Sadece din alimleri hadislerin hangisinin gerçek hangisinin gerçek değil konusunda bilmediklerini söyledim
söylediğim bu.
Mücella Pakdemir
Netice olarak, Cennet'te komünizm olduğuna dair bir ayet veya hadis olmadığı hususunda anlaştık.
ersinbaşeğmez
elbette
ayet olmadı konusunda anlaştık.
Ama hadis
zaten hangi hadis doğru veya değil bilmiyoruz.
sanırım bu konuda da anlaştık
aynı zamanda
Cennette komünizm olmadığına dair ayet olmadığı konusunda da...

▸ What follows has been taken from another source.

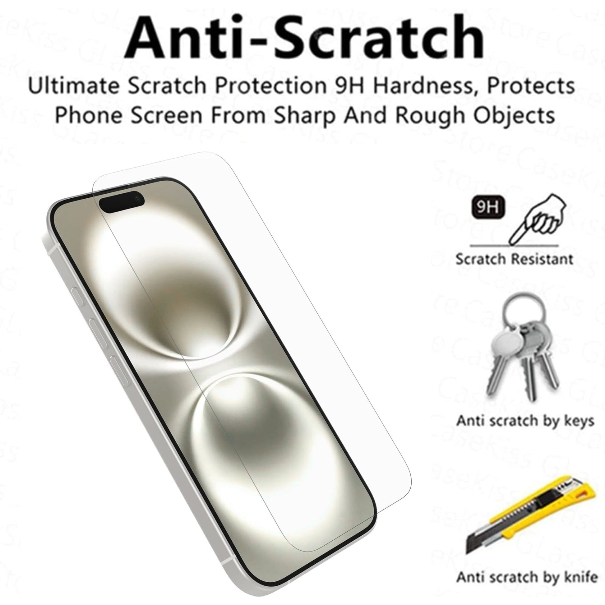• Compatible for Apple iPhone 17 / 17 Air / 17 Pro / 17 Pro Max, Tempered glass material with 9H hardness for ultimate screen protection, Ultra-clear transparency ensures HD screen visibility and vibrant colors, Full glue adhesive for bubble-free and secure installation, Scratch-resistant surface protects against everyday wear and tear, Easy-to-install design with included accessories ensures hassle-free setup

zaten sizle çoğu konuda hem fikir olduğumu biliyorum
saygılar
Sizi yeni tanıma fırsatı
yazılarınızı bir bir okudum ve
cok begendim uslubunuz acık ve doyurucu
burada sizin gibi değerli arkadaşların olmasından
buyuk mutluluk duyuyorum
yureğinize duygularınıza
ilham kaynağınıza sağlıklar diliyorum..
Mücella Pakdemir
Komünizmin çıkış noktaları tarih öncesine dayanabilir. Hatta komünizmi doğuran etmenler arasında den sosyolojisi bakımından çok araştırılası olgular da bulunabilir. Fakat komünizm düşüncesi, bolşevik devrimine değin vücut bulup örgütlenememiştir diye anımsıyorum. Gerek Kont, gerekse Kondorse ve daha başka pek çok sosyolojik akımın da esin verdiği komünizmin kaldırılması tabiri de ilgimi çekti. Zira komünizm ekolünden rahatsızlık duymak, bu ekolü kısmen veya tamamen yok saymak mümkün. Ancak bu düşünce yapısının tümden ortadan kaldırıldığından söz etmek imkânsız. Neyse ki günümüzde komünist yaftasıyla dışlanmak gibi bir durum da söz konusu değil. En azından toplum nazarında. Evet insanlar beğenmiyor, sevmiyor bazı düşünce yapılarını. Fakat kimse kimseyi düşüncesinden dolayı yargılamıyor. Demokrasi kör, belki topal işletilmeye çalışılıyor. Eğer yaftalanma hali sürseydi, eminim beni de komünistlikle yaftalardı yazdıklarımı okuyanlar. Ancak amacım komünizmin savunuculuğunu yapmak değil. Bilakis çoğu yönden komünizmin düşünce ekolüne taban tabana zıt dünya görüşlerim bulunmakta. Fakat Wolter'in o büyük cümlesinin savunucusu olduğum doğrudur: (senin gibi düşünmüyorum. Fakat düşündüklerini söylemek ve dilediğince düşünmek özgürlüğünü en az senin kadar koruyup gözetiyorum) Ben Wolter'in bu yaklaşımını şiar edindim kendime. Bizim gibi düşünmeyen insanları yok ederek ve zararlı birer varlık sayarak sanıyorum ulaşamayacağız istediğimiz o güzel, o birlikte kurulası yarınlara. Yazıda geçen olayları inceleme fırsatı bulamadım. Fakat tarihsel notları içeren yazılar hep beğenerek okuduklarım arasına girmişlerdir. Umarım düşüncelerimi net bir biçimde söyleyişimle haddimi aşmamışımdır. Esen kalınız.
Mücella Pakdemir
Bu gün düşüncelerinizden ötürü ülkenizde yaftalanmadığınızı ve ifade özgürlüğü ile her şeyi yazıp, söylemenizi Demokrasiye borçlusunuz, komünizme değil. Şayet beğendiğiniz sistem olsaydı, sokakta iki kişi yan yana yürümeniz bile derdest edilmenize sebep olabilirdi. Saygılarımla.
Fırat Avcı
Komünizm Tüm Dünyanın başına bela olmuştur.Komünizm yıkılmış, ancak hala peşinden giden kitleler bulunmaktadır. Yazınız çok anlamlıydı Mücella hanım.Saygıyla...
Mücella Pakdemir
Mücella Pakdemir
saygıdeğer şaire kardeşim güzel dizelerinizi büyük bir keyfle okudum.ve de seninle gurur duydum şiirlerde usta olduğunuz kadar yazlı makalelerde de ustalığını ortaya koyuyorsun.güzel yüreğine değerli kalemine sonsuz saygılar.